=== Source information ===
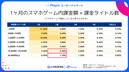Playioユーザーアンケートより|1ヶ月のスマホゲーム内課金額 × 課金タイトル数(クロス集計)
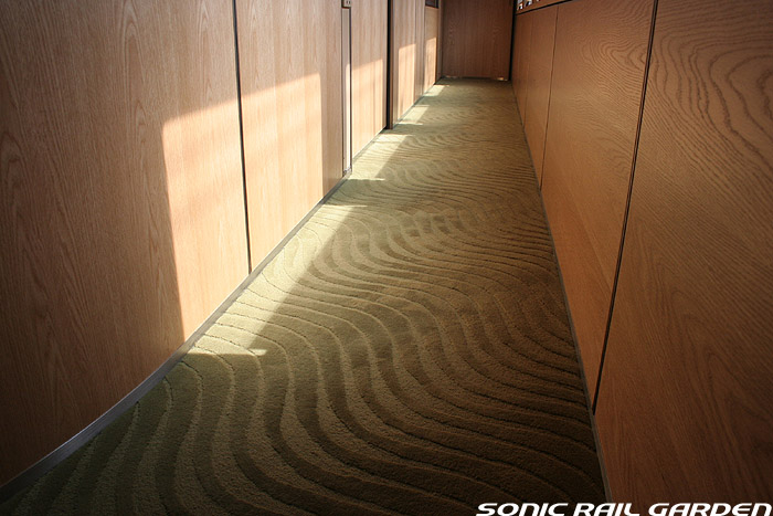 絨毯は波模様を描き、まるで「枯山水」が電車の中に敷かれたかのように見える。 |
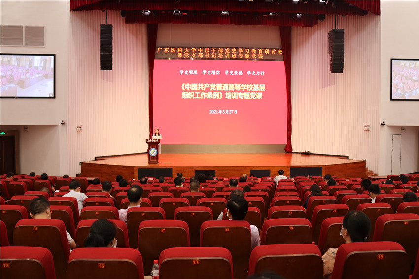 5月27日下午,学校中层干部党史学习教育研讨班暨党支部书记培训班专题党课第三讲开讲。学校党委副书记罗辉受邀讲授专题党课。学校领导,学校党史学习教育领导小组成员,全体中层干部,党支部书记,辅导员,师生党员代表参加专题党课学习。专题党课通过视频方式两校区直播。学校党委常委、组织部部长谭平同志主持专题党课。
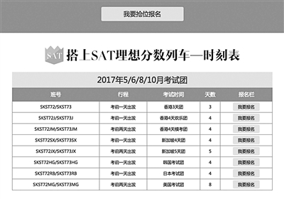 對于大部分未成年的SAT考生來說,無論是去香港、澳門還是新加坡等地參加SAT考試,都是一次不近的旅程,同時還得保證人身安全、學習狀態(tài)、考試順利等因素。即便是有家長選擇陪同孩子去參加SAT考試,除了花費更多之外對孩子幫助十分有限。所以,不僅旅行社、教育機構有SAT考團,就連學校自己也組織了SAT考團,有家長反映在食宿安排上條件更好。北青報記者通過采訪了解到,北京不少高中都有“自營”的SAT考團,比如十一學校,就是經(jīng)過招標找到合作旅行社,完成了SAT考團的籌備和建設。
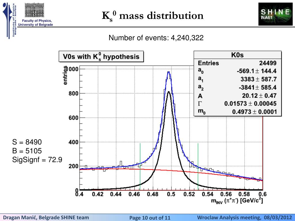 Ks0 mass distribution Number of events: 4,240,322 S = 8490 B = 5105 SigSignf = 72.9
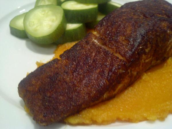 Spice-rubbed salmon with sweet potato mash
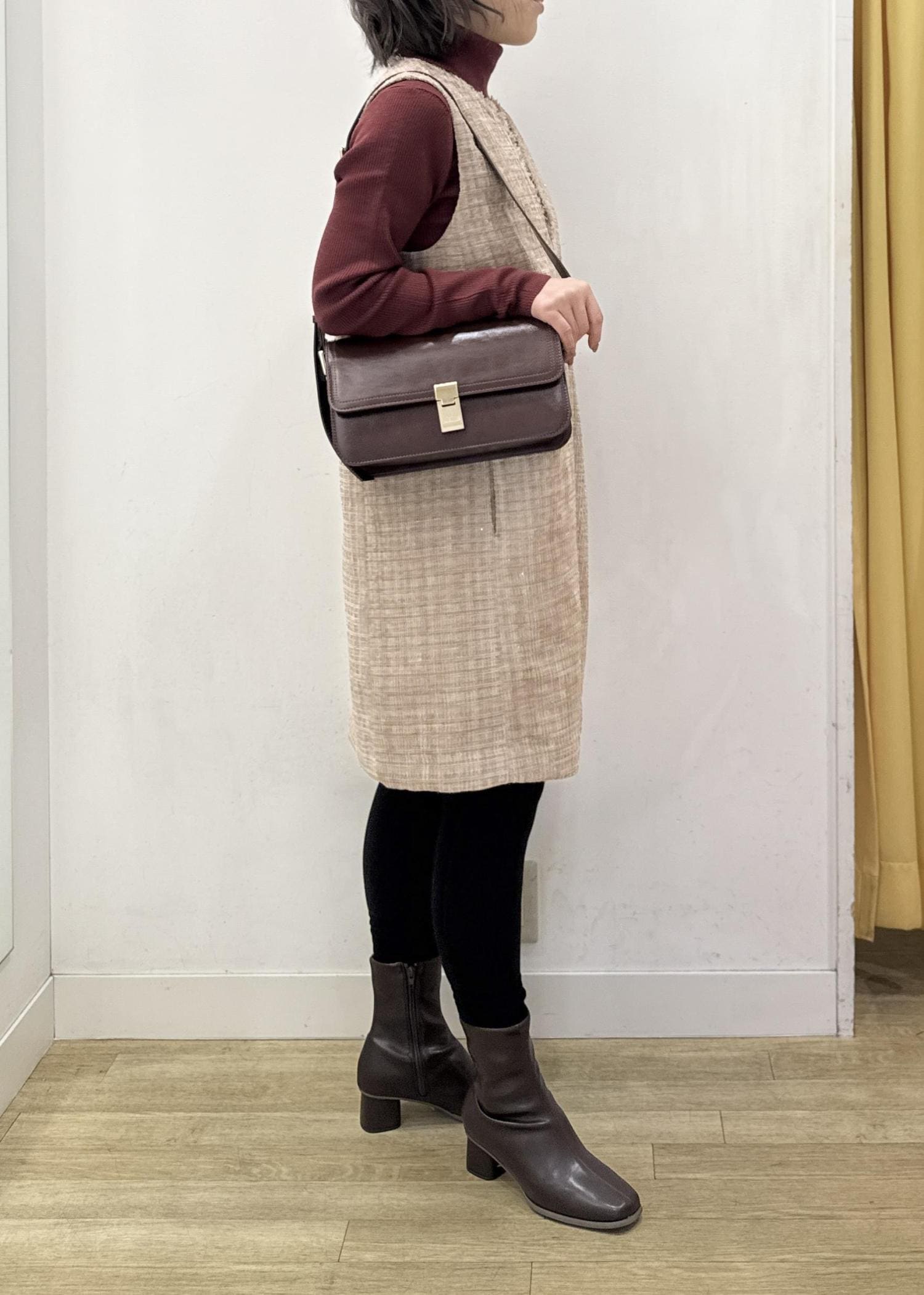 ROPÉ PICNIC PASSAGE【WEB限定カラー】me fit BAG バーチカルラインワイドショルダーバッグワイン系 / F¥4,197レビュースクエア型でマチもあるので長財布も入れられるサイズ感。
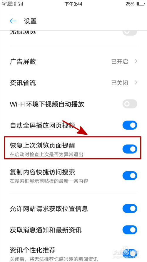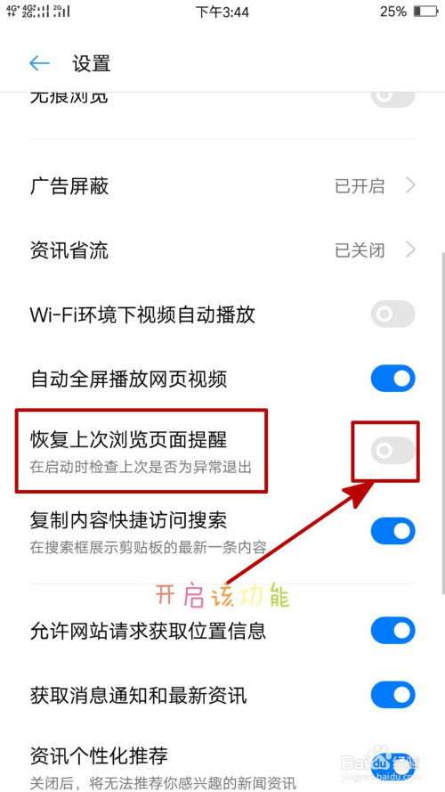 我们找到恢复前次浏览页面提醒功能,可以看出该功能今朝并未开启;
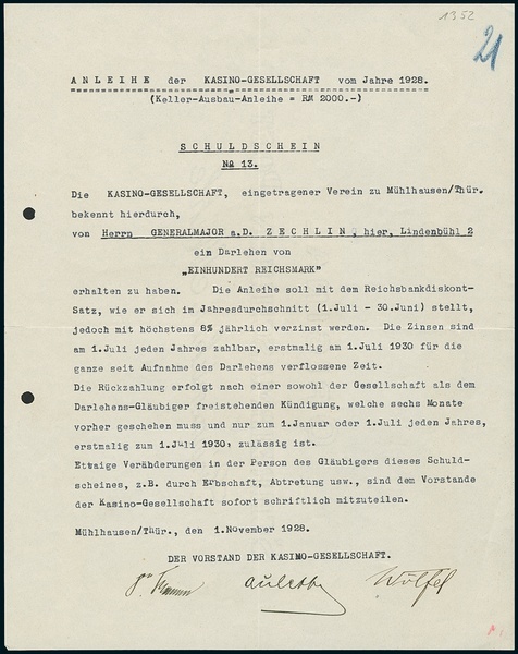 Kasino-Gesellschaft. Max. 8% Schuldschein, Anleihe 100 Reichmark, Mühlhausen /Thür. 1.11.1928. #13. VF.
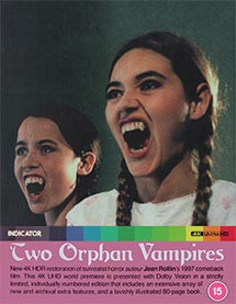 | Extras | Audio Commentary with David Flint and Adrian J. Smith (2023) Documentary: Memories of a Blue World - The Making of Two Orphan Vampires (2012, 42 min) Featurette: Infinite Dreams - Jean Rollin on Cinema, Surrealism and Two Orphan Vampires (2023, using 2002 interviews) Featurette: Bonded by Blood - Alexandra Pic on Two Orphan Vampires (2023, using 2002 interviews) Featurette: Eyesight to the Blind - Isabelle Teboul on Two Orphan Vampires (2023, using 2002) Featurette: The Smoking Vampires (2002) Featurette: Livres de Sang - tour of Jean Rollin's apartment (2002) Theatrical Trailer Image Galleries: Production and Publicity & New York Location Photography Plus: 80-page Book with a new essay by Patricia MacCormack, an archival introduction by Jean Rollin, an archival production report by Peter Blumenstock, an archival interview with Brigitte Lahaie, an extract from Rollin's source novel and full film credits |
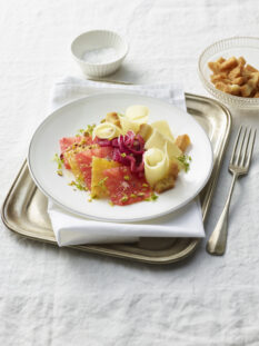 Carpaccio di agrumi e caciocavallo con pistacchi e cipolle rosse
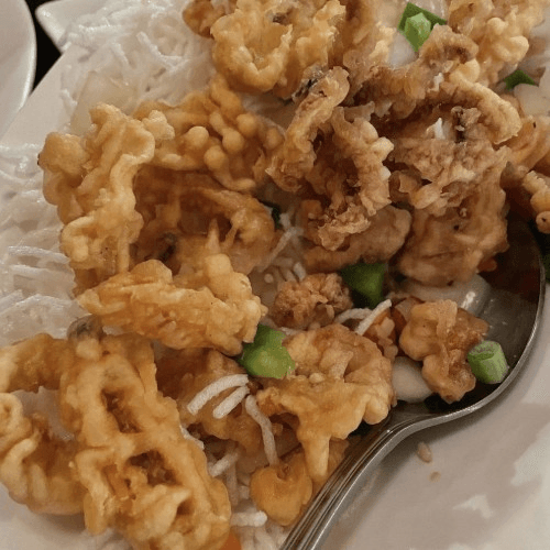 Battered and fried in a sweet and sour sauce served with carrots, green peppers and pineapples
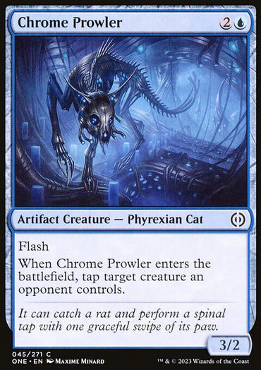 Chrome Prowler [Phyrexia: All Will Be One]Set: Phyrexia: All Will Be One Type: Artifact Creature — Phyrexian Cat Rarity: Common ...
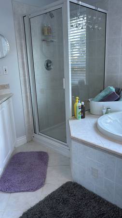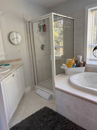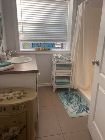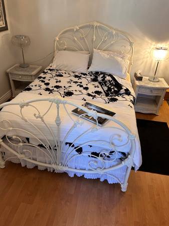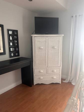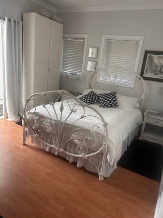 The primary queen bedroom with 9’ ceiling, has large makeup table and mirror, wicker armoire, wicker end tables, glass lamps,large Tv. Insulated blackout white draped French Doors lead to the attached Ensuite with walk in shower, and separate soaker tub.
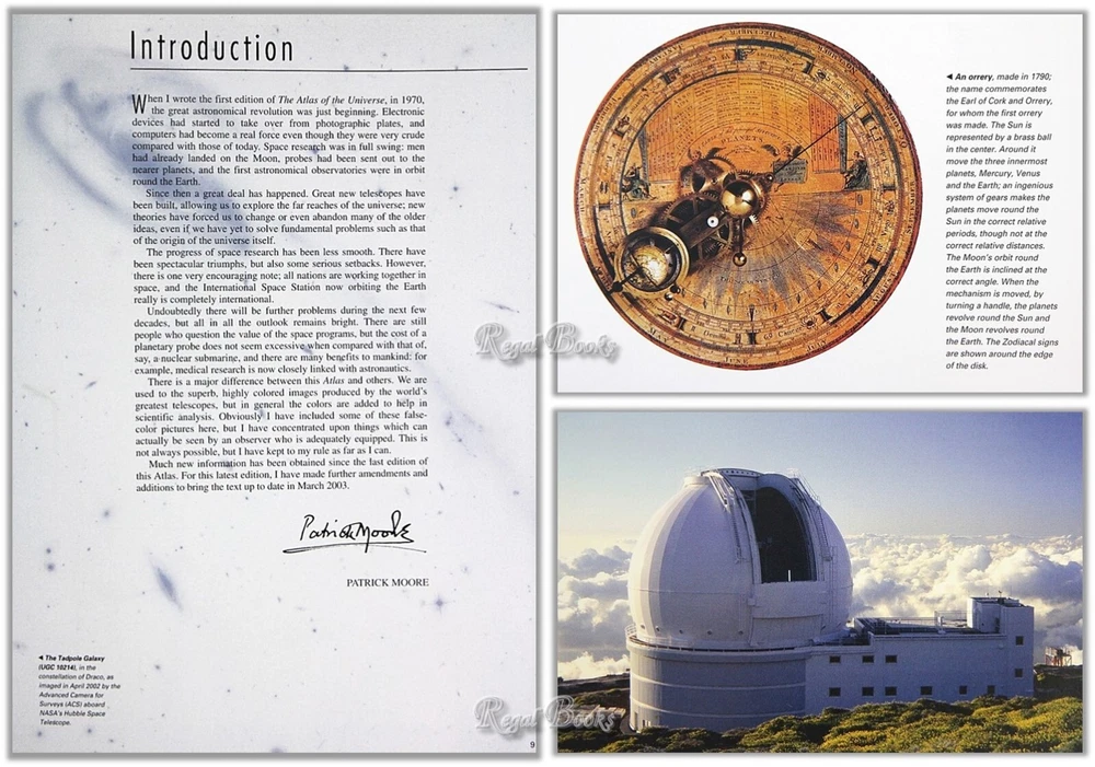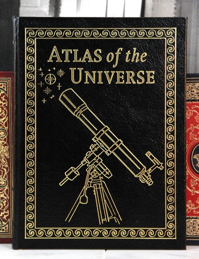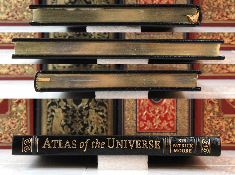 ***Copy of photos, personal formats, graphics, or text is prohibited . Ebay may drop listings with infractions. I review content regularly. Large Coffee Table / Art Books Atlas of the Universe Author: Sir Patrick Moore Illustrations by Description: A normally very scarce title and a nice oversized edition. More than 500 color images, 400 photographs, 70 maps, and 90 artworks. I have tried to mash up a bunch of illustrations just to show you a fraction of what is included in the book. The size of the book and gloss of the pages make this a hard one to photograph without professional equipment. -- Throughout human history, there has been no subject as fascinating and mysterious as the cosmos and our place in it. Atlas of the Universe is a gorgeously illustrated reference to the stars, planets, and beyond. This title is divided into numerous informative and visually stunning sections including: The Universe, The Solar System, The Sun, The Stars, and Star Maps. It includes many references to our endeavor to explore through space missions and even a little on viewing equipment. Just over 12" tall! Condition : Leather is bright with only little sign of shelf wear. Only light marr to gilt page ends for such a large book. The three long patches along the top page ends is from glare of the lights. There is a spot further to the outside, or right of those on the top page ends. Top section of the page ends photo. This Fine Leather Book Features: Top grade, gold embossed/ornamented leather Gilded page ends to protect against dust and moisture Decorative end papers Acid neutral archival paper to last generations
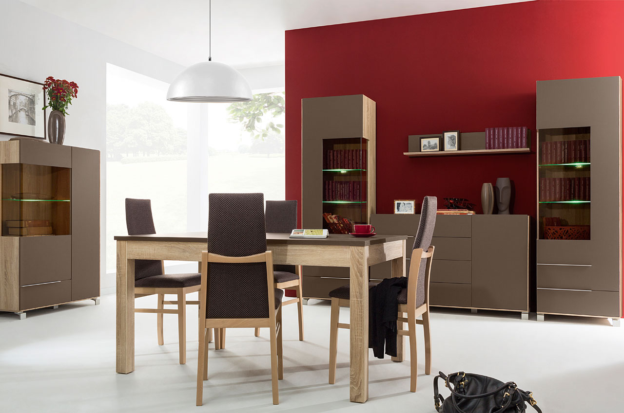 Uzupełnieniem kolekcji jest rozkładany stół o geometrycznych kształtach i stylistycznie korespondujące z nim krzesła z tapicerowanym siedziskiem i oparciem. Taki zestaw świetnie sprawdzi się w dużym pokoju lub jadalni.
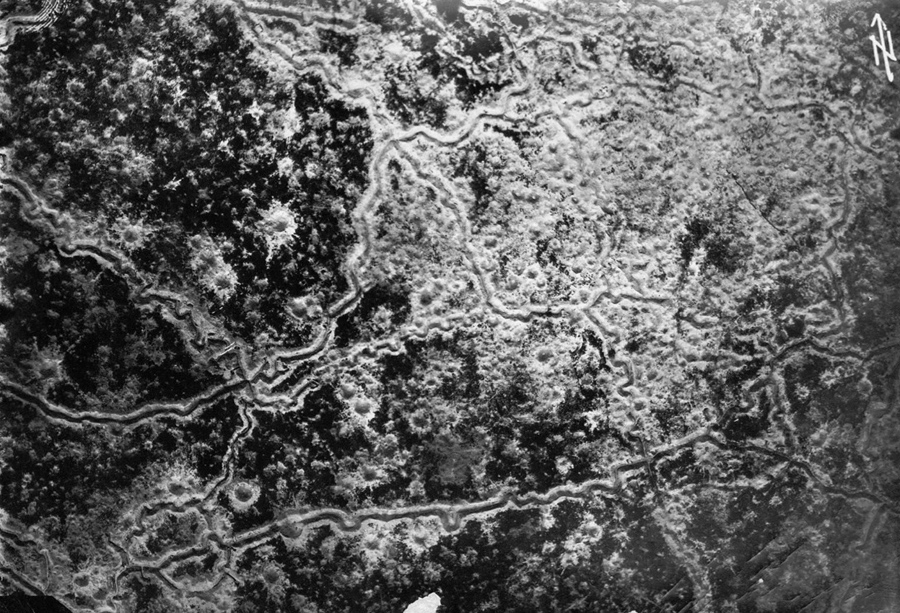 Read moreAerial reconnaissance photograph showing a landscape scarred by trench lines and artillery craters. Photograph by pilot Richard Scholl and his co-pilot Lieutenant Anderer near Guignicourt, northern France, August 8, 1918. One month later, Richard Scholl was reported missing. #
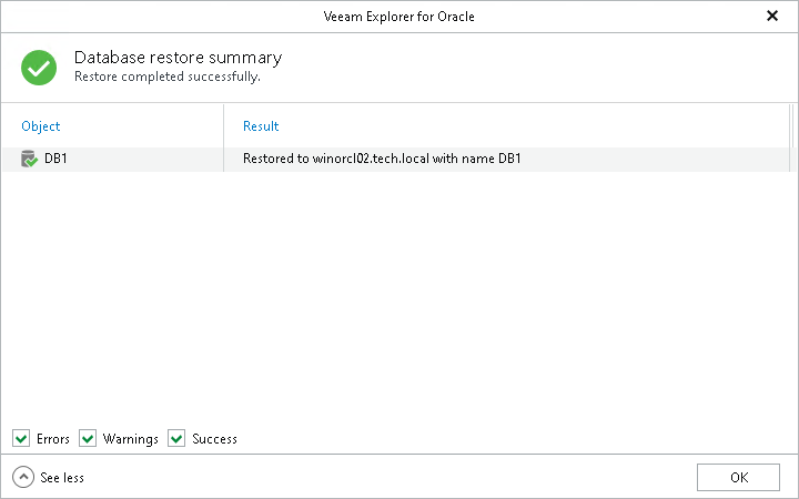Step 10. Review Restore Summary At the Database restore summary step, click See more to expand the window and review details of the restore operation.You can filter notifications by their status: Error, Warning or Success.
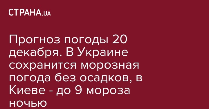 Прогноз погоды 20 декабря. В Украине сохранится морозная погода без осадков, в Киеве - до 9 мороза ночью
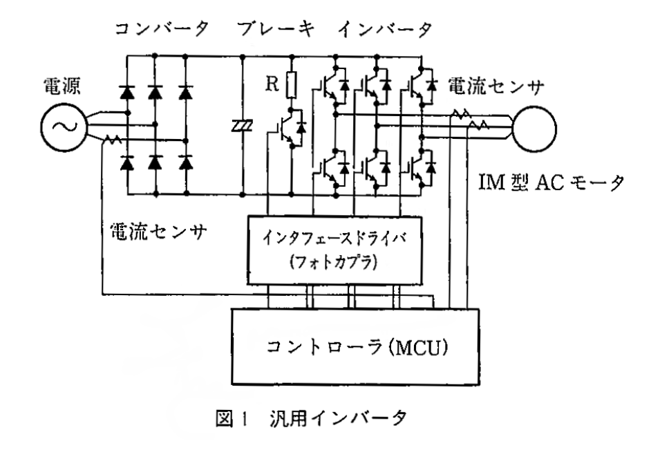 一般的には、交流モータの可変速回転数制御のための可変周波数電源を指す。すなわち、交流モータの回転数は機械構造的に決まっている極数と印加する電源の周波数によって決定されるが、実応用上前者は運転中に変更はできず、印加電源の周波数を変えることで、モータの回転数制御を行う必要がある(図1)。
===
What the exercise asks: Reproduce the material exactly; omit the pictures.

Your solution:
Playioユーザーアンケートより|1ヶ月のスマホゲーム内課金額 × 課金タイトル数(クロス集計)
 絨毯は波模様を描き、まるで「枯山水」が電車の中に敷かれたかのように見える。 |
 5月27日下午,学校中层干部党史学习教育研讨班暨党支部书记培训班专题党课第三讲开讲。学校党委副书记罗辉受邀讲授专题党课。学校领导,学校党史学习教育领导小组成员,全体中层干部,党支部书记,辅导员,师生党员代表参加专题党课学习。专题党课通过视频方式两校区直播。学校党委常委、组织部部长谭平同志主持专题党课。
 對于大部分未成年的SAT考生來說,無論是去香港、澳門還是新加坡等地參加SAT考試,都是一次不近的旅程,同時還得保證人身安全、學習狀態(tài)、考試順利等因素。即便是有家長選擇陪同孩子去參加SAT考試,除了花費更多之外對孩子幫助十分有限。所以,不僅旅行社、教育機構有SAT考團,就連學校自己也組織了SAT考團,有家長反映在食宿安排上條件更好。北青報記者通過采訪了解到,北京不少高中都有“自營”的SAT考團,比如十一學校,就是經(jīng)過招標找到合作旅行社,完成了SAT考團的籌備和建設。
 Ks0 mass distribution Number of events: 4,240,322 S = 8490 B = 5105 SigSignf = 72.9
 Spice-rubbed salmon with sweet potato mash
 ROPÉ PICNIC PASSAGE【WEB限定カラー】me fit BAG バーチカルラインワイドショルダーバッグワイン系 / F¥4,197レビュースクエア型でマチもあるので長財布も入れられるサイズ感。
 我们找到恢复前次浏览页面提醒功能,可以看出该功能今朝并未开启;
 Kasino-Gesellschaft. Max. 8% Schuldschein, Anleihe 100 Reichmark, Mühlhausen /Thür. 1.11.1928. #13. VF.
 | Extras | Audio Commentary with David Flint and Adrian J. Smith (2023) Documentary: Memories of a Blue World - The Making of Two Orphan Vampires (2012, 42 min) Featurette: Infinite Dreams - Jean Rollin on Cinema, Surrealism and Two Orphan Vampires (2023, using 2002 interviews) Featurette: Bonded by Blood - Alexandra Pic on Two Orphan Vampires (2023, using 2002 interviews) Featurette: Eyesight to the Blind - Isabelle Teboul on Two Orphan Vampires (2023, using 2002) Featurette: The Smoking Vampires (2002) Featurette: Livres de Sang - tour of Jean Rollin's apartment (2002) Theatrical Trailer Image Galleries: Production and Publicity & New York Location Photography Plus: 80-page Book with a new essay by Patricia MacCormack, an archival introduction by Jean Rollin, an archival production report by Peter Blumenstock, an archival interview with Brigitte Lahaie, an extract from Rollin's source novel and full film credits |
 Carpaccio di agrumi e caciocavallo con pistacchi e cipolle rosse
 Battered and fried in a sweet and sour sauce served with carrots, green peppers and pineapples
 Chrome Prowler [Phyrexia: All Will Be One]Set: Phyrexia: All Will Be One Type: Artifact Creature — Phyrexian Cat Rarity: Common ...
 The primary queen bedroom with 9’ ceiling, has large makeup table and mirror, wicker armoire, wicker end tables, glass lamps,large Tv. Insulated blackout white draped French Doors lead to the attached Ensuite with walk in shower, and separate soaker tub.
 ***Copy of photos, personal formats, graphics, or text is prohibited . Ebay may drop listings with infractions. I review content regularly. Large Coffee Table / Art Books Atlas of the Universe Author: Sir Patrick Moore Illustrations by Description: A normally very scarce title and a nice oversized edition. More than 500 color images, 400 photographs, 70 maps, and 90 artworks. I have tried to mash up a bunch of illustrations just to show you a fraction of what is included in the book. The size of the book and gloss of the pages make this a hard one to photograph without professional equipment. -- Throughout human history, there has been no subject as fascinating and mysterious as the cosmos and our place in it. Atlas of the Universe is a gorgeously illustrated reference to the stars, planets, and beyond. This title is divided into numerous informative and visually stunning sections including: The Universe, The Solar System, The Sun, The Stars, and Star Maps. It includes many references to our endeavor to explore through space missions and even a little on viewing equipment. Just over 12" tall! Condition : Leather is bright with only little sign of shelf wear. Only light marr to gilt page ends for such a large book. The three long patches along the top page ends is from glare of the lights. There is a spot further to the outside, or right of those on the top page ends. Top section of the page ends photo. This Fine Leather Book Features: Top grade, gold embossed/ornamented leather Gilded page ends to protect against dust and moisture Decorative end papers Acid neutral archival paper to last generations
 Uzupełnieniem kolekcji jest rozkładany stół o geometrycznych kształtach i stylistycznie korespondujące z nim krzesła z tapicerowanym siedziskiem i oparciem. Taki zestaw świetnie sprawdzi się w dużym pokoju lub jadalni.
 Read moreAerial reconnaissance photograph showing a landscape scarred by trench lines and artillery craters. Photograph by pilot Richard Scholl and his co-pilot Lieutenant Anderer near Guignicourt, northern France, August 8, 1918. One month later, Richard Scholl was reported missing. #
Step 10. Review Restore Summary At the Database restore summary step, click See more to expand the window and review details of the restore operation.You can filter notifications by their status: Error, Warning or Success.
 Прогноз погоды 20 декабря. В Украине сохранится морозная погода без осадков, в Киеве - до 9 мороза ночью
 一般的には、交流モータの可変速回転数制御のための可変周波数電源を指す。すなわち、交流モータの回転数は機械構造的に決まっている極数と印加する電源の周波数によって決定されるが、実応用上前者は運転中に変更はできず、印加電源の周波数を変えることで、モータの回転数制御を行う必要がある(図1)。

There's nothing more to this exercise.